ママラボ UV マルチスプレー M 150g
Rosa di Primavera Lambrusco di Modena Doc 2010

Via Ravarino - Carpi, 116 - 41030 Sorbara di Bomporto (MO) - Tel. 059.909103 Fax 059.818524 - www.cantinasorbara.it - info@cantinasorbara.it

● ● ●

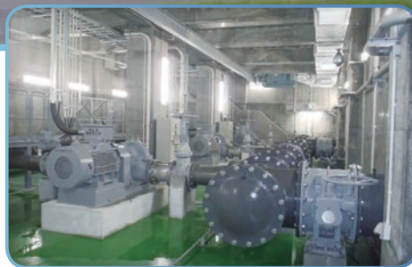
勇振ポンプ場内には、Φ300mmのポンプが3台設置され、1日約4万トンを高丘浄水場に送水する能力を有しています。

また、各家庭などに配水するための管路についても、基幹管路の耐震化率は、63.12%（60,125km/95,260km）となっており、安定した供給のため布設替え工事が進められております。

● ● ●

### Action item
Look above for the line holding "ママラボ UV マルチスプレー M 150g". Print it and every line after it, exactly, through the line holding "Via Ravarino - Carpi, 116".

### Exercise result
ママラボ UV マルチスプレー M 150g
Rosa di Primavera Lambrusco di Modena Doc 2010

Via Ravarino - Carpi, 116 - 41030 Sorbara di Bomporto (MO) - Tel. 059.909103 Fax 059.818524 - www.cantinasorbara.it - info@cantinasorbara.it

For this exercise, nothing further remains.